Exercise data>
Segment Open

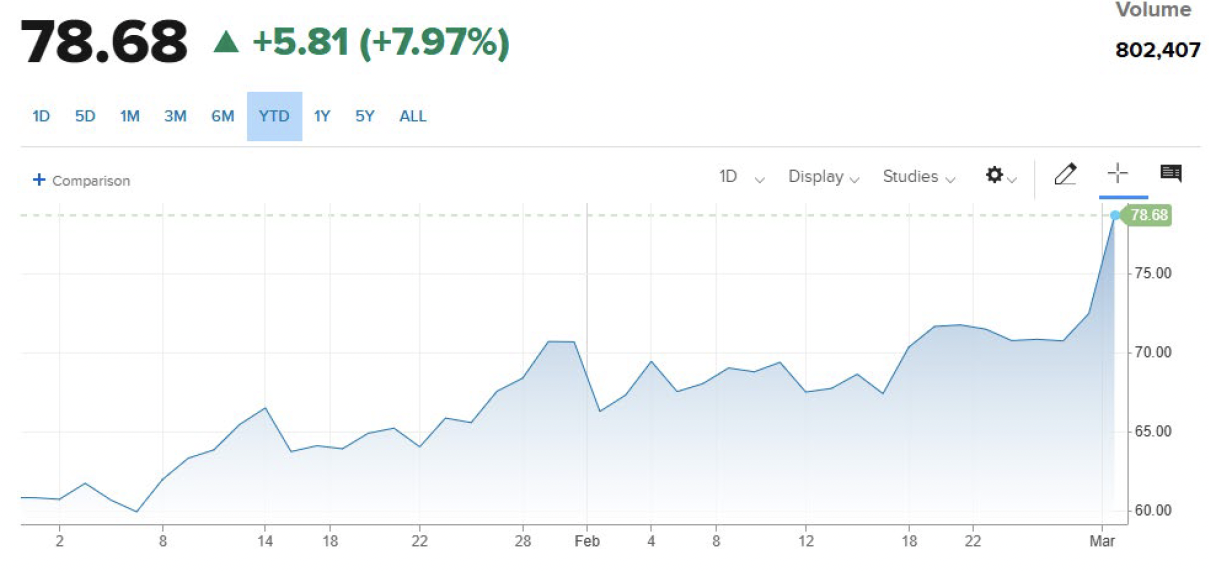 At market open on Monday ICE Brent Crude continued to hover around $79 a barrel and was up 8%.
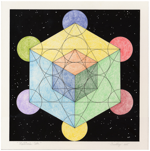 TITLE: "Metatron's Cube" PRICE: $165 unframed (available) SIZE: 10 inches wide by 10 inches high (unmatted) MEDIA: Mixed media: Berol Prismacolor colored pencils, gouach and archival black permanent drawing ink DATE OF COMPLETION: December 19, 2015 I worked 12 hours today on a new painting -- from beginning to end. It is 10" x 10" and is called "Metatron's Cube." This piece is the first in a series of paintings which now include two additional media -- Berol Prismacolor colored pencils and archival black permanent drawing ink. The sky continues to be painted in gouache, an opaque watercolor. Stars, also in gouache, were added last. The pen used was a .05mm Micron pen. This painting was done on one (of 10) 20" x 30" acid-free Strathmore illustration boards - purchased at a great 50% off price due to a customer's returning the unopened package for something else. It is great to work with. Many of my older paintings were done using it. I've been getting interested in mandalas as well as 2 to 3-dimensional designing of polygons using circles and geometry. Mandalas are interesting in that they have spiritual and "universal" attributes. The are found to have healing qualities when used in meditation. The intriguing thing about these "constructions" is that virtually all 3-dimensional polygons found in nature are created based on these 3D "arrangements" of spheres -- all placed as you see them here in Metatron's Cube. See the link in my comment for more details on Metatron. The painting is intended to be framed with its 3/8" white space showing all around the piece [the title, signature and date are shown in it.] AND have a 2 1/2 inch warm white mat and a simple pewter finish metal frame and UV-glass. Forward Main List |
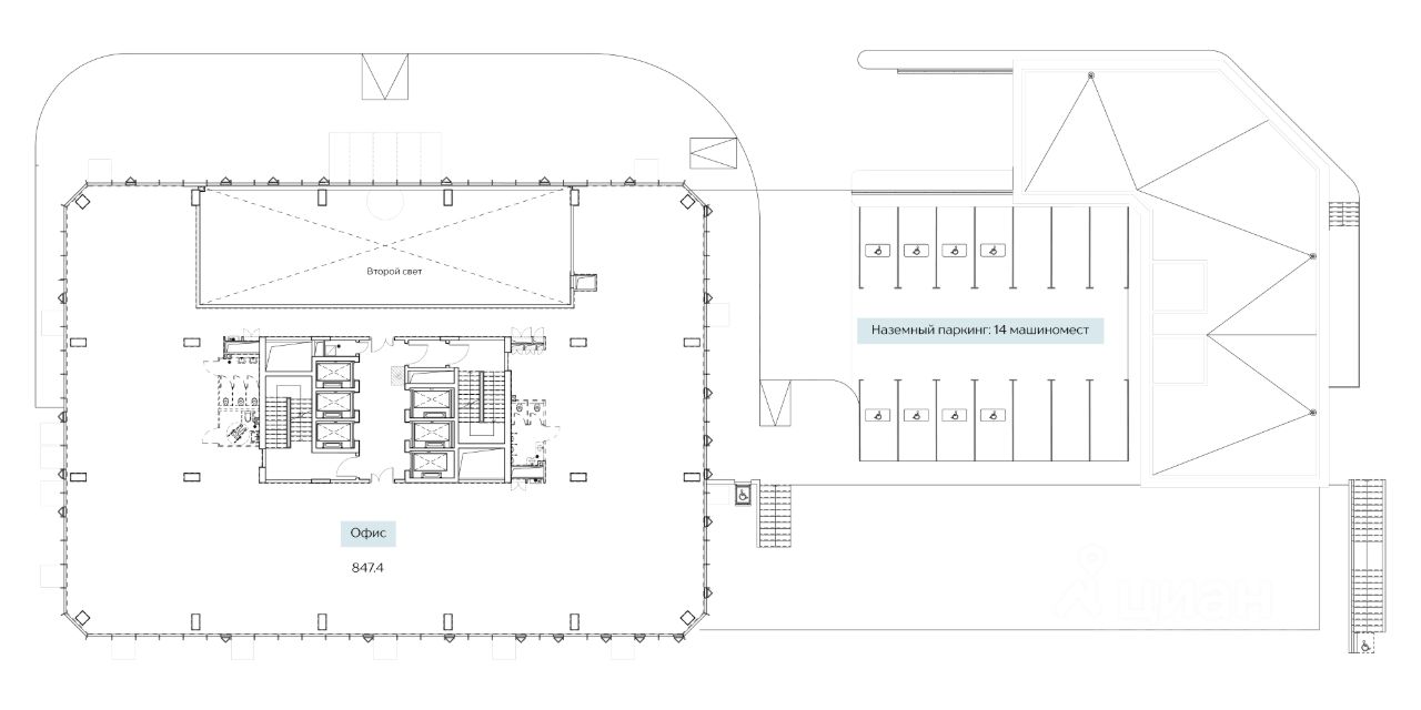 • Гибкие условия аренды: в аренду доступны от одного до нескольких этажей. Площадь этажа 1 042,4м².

Segment Closed

Instructions to follow>
Pictures excluded, quote all the data above exactly.

Worked solution>
 At market open on Monday ICE Brent Crude continued to hover around $79 a barrel and was up 8%.
 TITLE: "Metatron's Cube" PRICE: $165 unframed (available) SIZE: 10 inches wide by 10 inches high (unmatted) MEDIA: Mixed media: Berol Prismacolor colored pencils, gouach and archival black permanent drawing ink DATE OF COMPLETION: December 19, 2015 I worked 12 hours today on a new painting -- from beginning to end. It is 10" x 10" and is called "Metatron's Cube." This piece is the first in a series of paintings which now include two additional media -- Berol Prismacolor colored pencils and archival black permanent drawing ink. The sky continues to be painted in gouache, an opaque watercolor. Stars, also in gouache, were added last. The pen used was a .05mm Micron pen. This painting was done on one (of 10) 20" x 30" acid-free Strathmore illustration boards - purchased at a great 50% off price due to a customer's returning the unopened package for something else. It is great to work with. Many of my older paintings were done using it. I've been getting interested in mandalas as well as 2 to 3-dimensional designing of polygons using circles and geometry. Mandalas are interesting in that they have spiritual and "universal" attributes. The are found to have healing qualities when used in meditation. The intriguing thing about these "constructions" is that virtually all 3-dimensional polygons found in nature are created based on these 3D "arrangements" of spheres -- all placed as you see them here in Metatron's Cube. See the link in my comment for more details on Metatron. The painting is intended to be framed with its 3/8" white space showing all around the piece [the title, signature and date are shown in it.] AND have a 2 1/2 inch warm white mat and a simple pewter finish metal frame and UV-glass. Forward Main List |
 • Гибкие условия аренды: в аренду доступны от одного до нескольких этажей. Площадь этажа 1 042,4м².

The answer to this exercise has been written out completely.